Comparing the PMFs, we can see where the data deviates from the model. But PMFs tend to emphasize small differences that might be due to random variation. Sometimes we can see the big picture more clearly by comparing CDFs.

For example, here’s the CDF of family size compared to the CDF of the Poisson model.

cdf_family = pmf_family.make_cdf()
cdf_poisson = pmf_poisson.make_cdf()
from thinkstats import two_cdf_plots

two_cdf_plots(cdf_poisson, cdf_family)
decorate(xlabel="Number of family members")
_images/b0fd6c4e887a05ee50a09ba17d6550f6d849ee31d2de5492cd89229aca160fe5.png

In my opinion, CDFs are usually the best way to compare data to a model, or compare data from different groups, etc.

Also, CDFs work well with continuous data.

download("https://github.com/AllenDowney/ThinkStats/raw/v3/data/2002FemPreg.dct")
download("https://github.com/AllenDowney/ThinkStats/raw/v3/data/2002FemPreg.dat.gz")
from nsfg import read_fem_preg

preg = read_fem_preg()
birth_weights = preg["totalwgt_lb"].dropna()
from scipy.stats import trimboth

trimmed = trimboth(birth_weights, 0.01)
from thinkstats import make_normal_model

cdf_model = make_normal_model(trimmed)
from empiricaldist import Cdf

cdf_birth_weight = Cdf.from_seq(birth_weights, name="sample")
two_cdf_plots(cdf_model, cdf_birth_weight, xlabel="Birth weight (pounds)")
_images/6c2fc1d648cc49d93887a25edcbe4b9981b614b52f1c54937132cd9ba392b13c.png

6.2. Probability Density#

The familiar bell curve is actually the probability density function (PDF) of the normal distribution, which we can compute like this.

def normal_pdf(xs, mu, sigma):
    """Evaluates the normal probability density function.

    xs: float or sequence of floats
    mu: mean of the distribution
    sigma: standard deviation of the distribution

    returns: float or NumPy array of probability density
    """
    z = (xs - mu) / sigma
    return np.exp(-(z**2) / 2) / sigma / np.sqrt(2 * np.pi)

thinkstats provides a NormalPdf object that represents the PDF of a normal distribution.

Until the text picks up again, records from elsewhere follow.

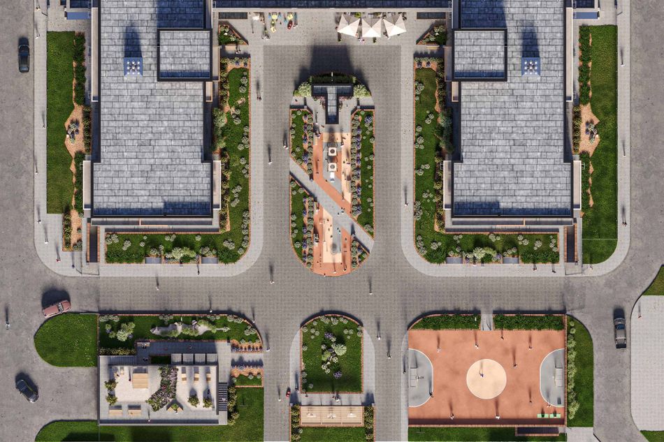 Проект многоэтажной застройки бизнес-класса в центре города со своим детским садом, подземным паркингом и полной внутренней инфраструктурой.
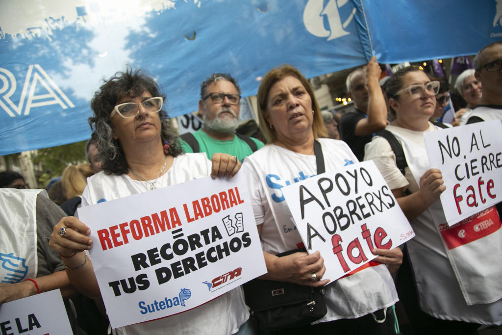 El SUTEBA adhirió hoy al Paro Nacional y se movilizó al Congreso de la Nación, junto a miles de Trabajadorxs, en rechazo a la reforma laboral y al ajuste del Gobierno Nacional.
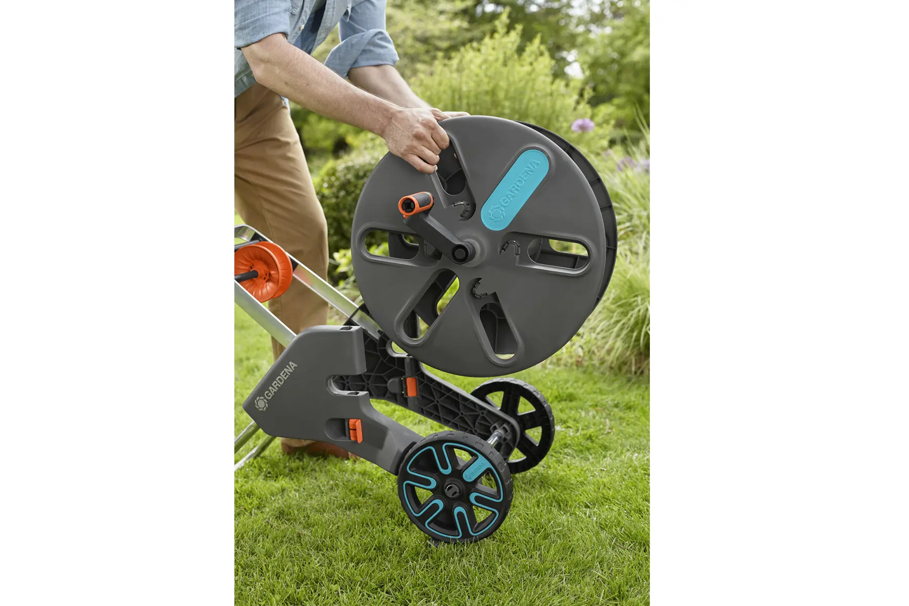 De Gardena CleverRoll L Easy is een complete slangenwagen die staat voor een robuuste kwaliteit met een uitstekende stabiliteit. Het geheel is vlot te verplaatsen met de hendel en wielen, en dankzij de innovatieve vorstbescherming kan hij probleemloos het hele jaar door buiten staan.

We can use it to create a NormalPdf with the same mean and standard deviation as the birth weights in the NSFG dataset.

from thinkstats import NormalPdf

m, s = np.mean(trimmed), np.std(trimmed)
pdf_model = NormalPdf(m, s, name="normal model")
pdf_model
NormalPdf(7.280883100022579, 1.2430657948614345, name='normal model')

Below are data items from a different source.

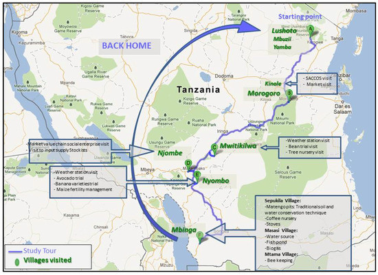 Fifteen farmers from two villages (Yamba and Mbuzii), including both men and women, and five key agricultural innovation systems (AIS) stakeholders from Lushoto took part in a 10-day learning journey to several sites including Morogoro, Mufindi, Njombe, and Mbinga in the Southern Highlands (see Figure 2). AIS stakeholders are partners with a vested interest in addressing a common problem and identifying solutions that are technically feasible, socio-culturally, and economically acceptable [23,24,25,26]. The farmers were selected based on a criteria developed by the community that included gender balance, different ages, farmers involved in CCAFS activities, and who had been interviewed during the CCAFS baseline survey [27]. The AIS actors were drawn from different economic sectors including tourism, agricultural input dealers, community development organizations, and the agricultural and livestock sectors.
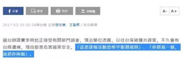 臺灣媒體對于此案的報道,已經(jīng)用了“諜報”之類的字眼。
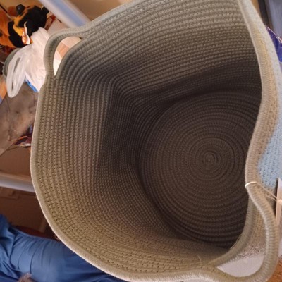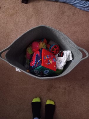 [This review was collected as part of a promotion.] This basket is huge! We are able to store so many of our kids toys in it. Not only is it spacious, but it keeps its shape and looks so beautiful in our living room! I love the color. It is very high quality. The rope is gorgeous and I am so glad it has handles!
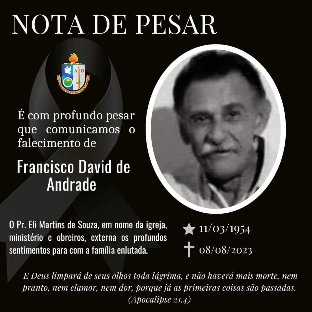 Faleceu na cidade de São Carlos, nesta terça-feira, 08, o Sr. Francisco David de Andrade, aos 69 anos de idade.
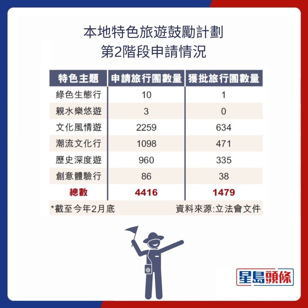 據(jù)文體旅局資料,截至今年2月底,共接獲4416宗第2階段申請(qǐng)(見(jiàn)表),當(dāng)中一半是文化風(fēng)情游,其余的潮流文化行及歷史深度游亦占46%;1479宗獲批申請(qǐng)中,以文化風(fēng)情游的634宗為最多,占超過(guò)42%。

If we call the NormalPdf object as a function, it evaluates the normal PDF.

low = m - 4 * s
high = m + 4 * s
qs = np.linspace(low, high, 201)
ps = pdf_model(qs)

The result looks like a bell curve.

plt.plot(qs, ps, label="normal model")
decorate(xlabel="Birth weight (pounds)", ylabel="Density")
_images/2771a8ea2d474d2cbeec027676f9adec4c2a3889402856146d4e19866d96de49.png

The PdfNormal object provides a plot function that does the same thing.

The peak of the distribution is at m. If we evaluate the PDF there, the result is a probability density.

pdf_model(m)
0.32093416297880123

By itself, a probability density doesn’t mean much – most importantly, it is not a probability. It would be incorrect to say that the probability is 32% that a randomly-chosen birth weight equals m. In fact, the probability that a birth weight is truly, exactly, and precisely equal to m – or any other specific value – is effectively zero.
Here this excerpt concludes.